Revenue from business taxes reached a record high of NT$172.8 billion (US$5.4 billion) in the first eight months, up 25.3 percent from a year ago, thanks to a rebound in domestic spending and a surge in imports, the Ministry of Finance said yesterday.
“The pickup of 25.3 percent was the largest increase since 1992,” said Lin Lee-jen (林麗貞), head of the ministry’s statistics department.
The ministry’s latest data showed that between January and last month, overall tax revenue increased NT$73.5 billion, or 7.4 percent, year-on-year to NT$1.69 trillion, but the result remained 0.4 percent lower than its budget.
While revenues from business taxes, land value increment taxes and custom tariffs increased from a year earlier, those from individual income and securities transaction taxes fell in the first eight months, with the former dropping NT$10.6 billion, or 4.5 percent from a year ago, and the latter declining NT$300 million, or 0.5 percent year-on-year.

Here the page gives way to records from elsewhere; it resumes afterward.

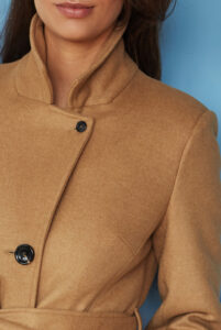 *płaszcz uszyty z kaszmiru i wełny dziewiczej pochodzącej z pierwszego strzyżenia jagnięcia (najlepsza wełna). Dzięki temu jest lekki, ale ciepły.
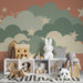 Verwandeln Sie das Zimmer Ihres Babys in ein gemütliches Nest mit dieser Babyzimmer Tapete mit Wolken- und Sternenmotiven. Die beruhigenden Grüntöne und Cremetöne der Wolken schweben sanft auf einem warmen Terrakotta-Hintergrund und schaffen eine ruhige und träumerische Atmosphäre.
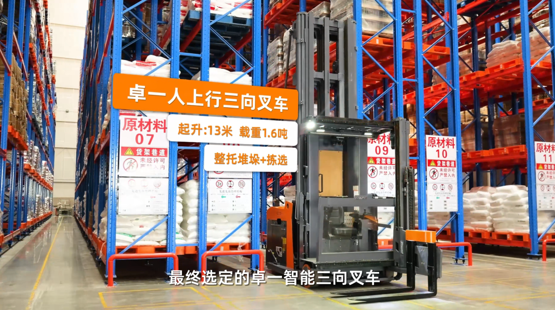 客户案例|从分散式地堆到13米高位密集存储,卓一人上行三向叉车赋能调味品行业
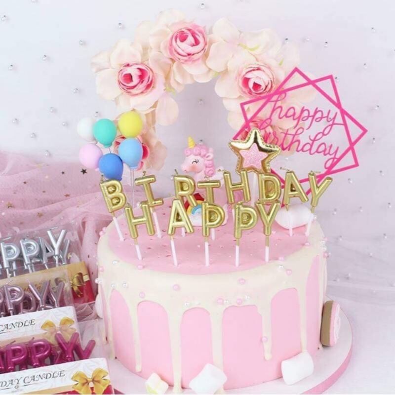 Giới thiệu Bộ nến chữ Happy Birthday Nhũ trang trí bánh sinh nhật
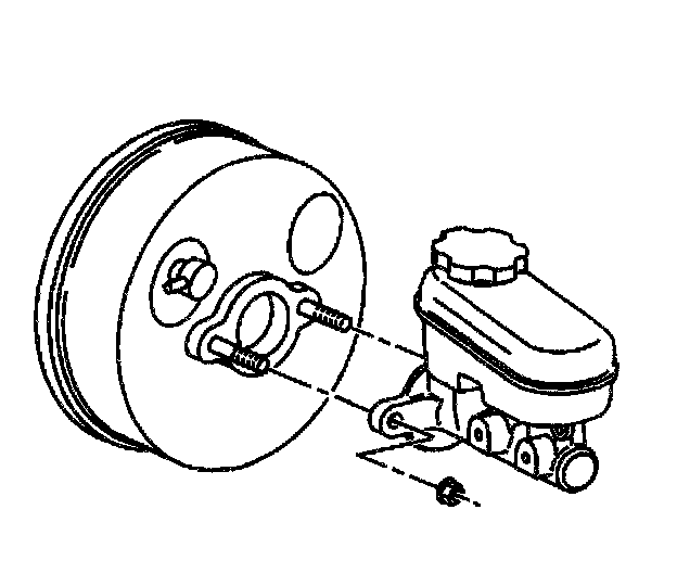 2. If you are performing repairs on a 3.4L, non ABS Impala, it is necessary to remove the bracket (1) from the master cylinder.
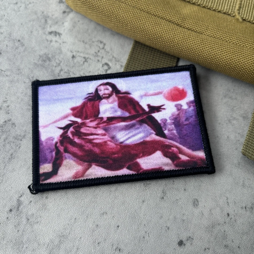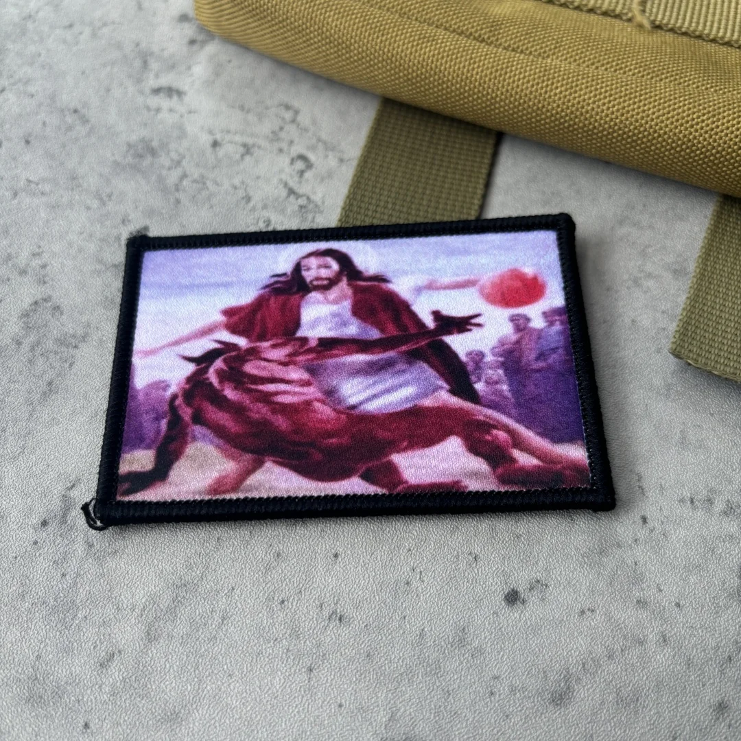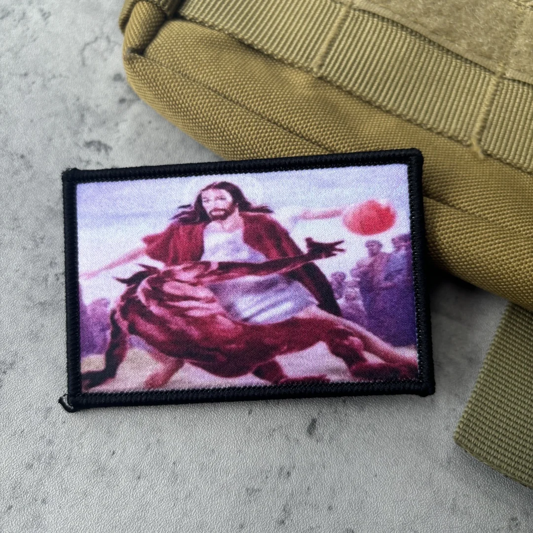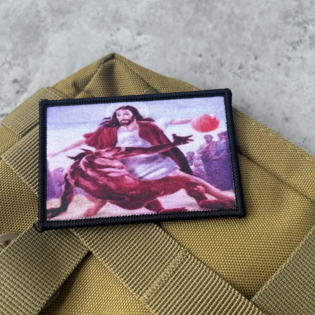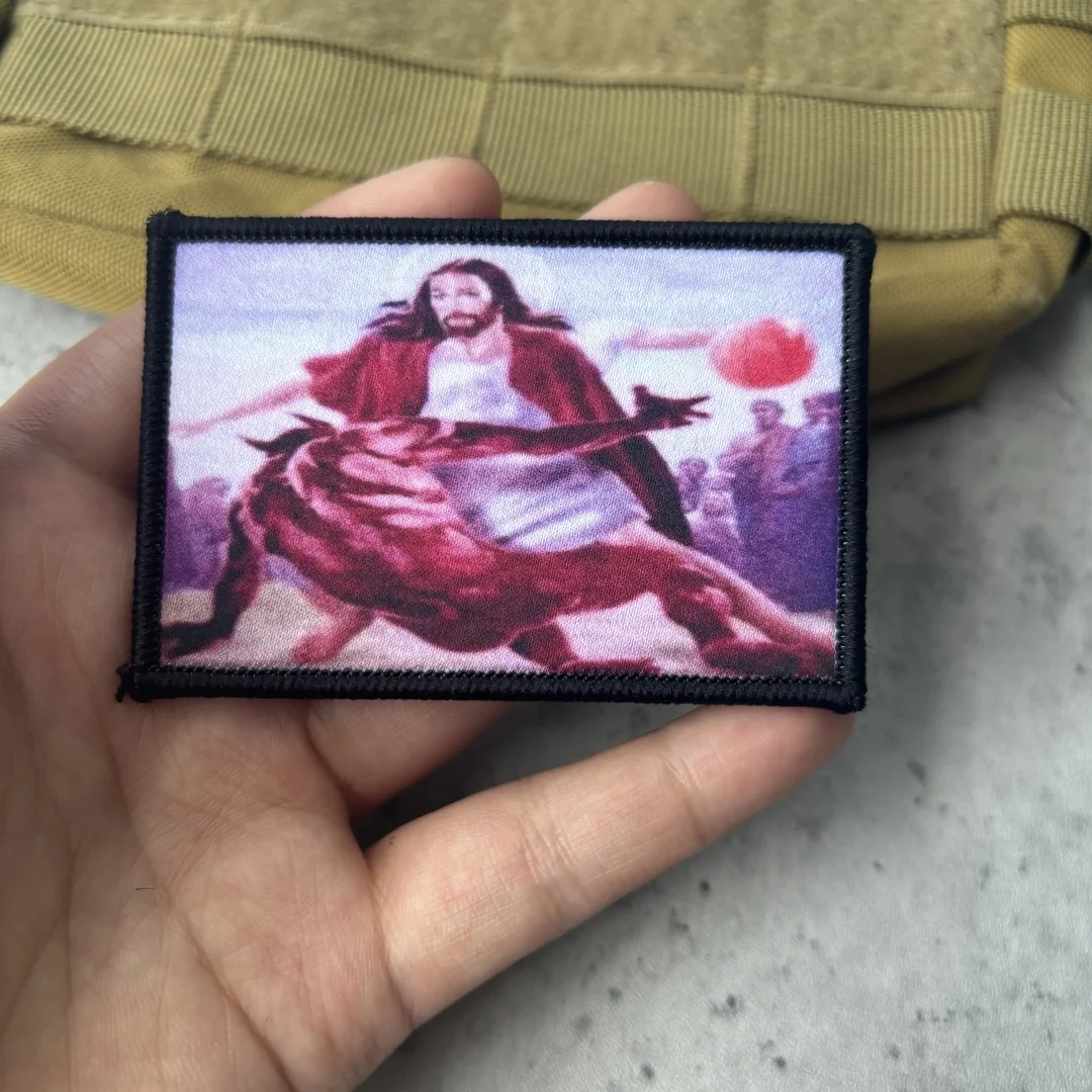 Parche Jesús Crossing The Devil, brazalete con estampado divertido, parches de moral táctica para ropa, mochila, insignia, apliques de gancho y bucle

The ministry said individual income taxes saw a shortfall of NT$45 billion, almost 10 percent lower than the budgetary goal, because of the impact of the global financial crisis and the implementation of tax incentives last year..
Last month alone, the ministry’s tallies showed tax revenue rose NT$24.7 billion, or 34.1 percent from a year earlier, to NT$97 billion, with individual income taxes posting the largest growth at NT$17.2 billion, or 67 percent from a year earlier.
Securities transaction taxes were up NT$1.9 billion, or 22.9 percent from a year earlier, to NT$10.2 billion last month, marking the second time this year that revenue has exceeded NT$10 billion, the ministry said.
The ministry said although revenue from income and securities transaction taxes was below expectations, revenue from business, commodity, custom tariffs and land value increment taxes picked up. The ministry is targeting NT$1.62 trillion in tax revenue this year.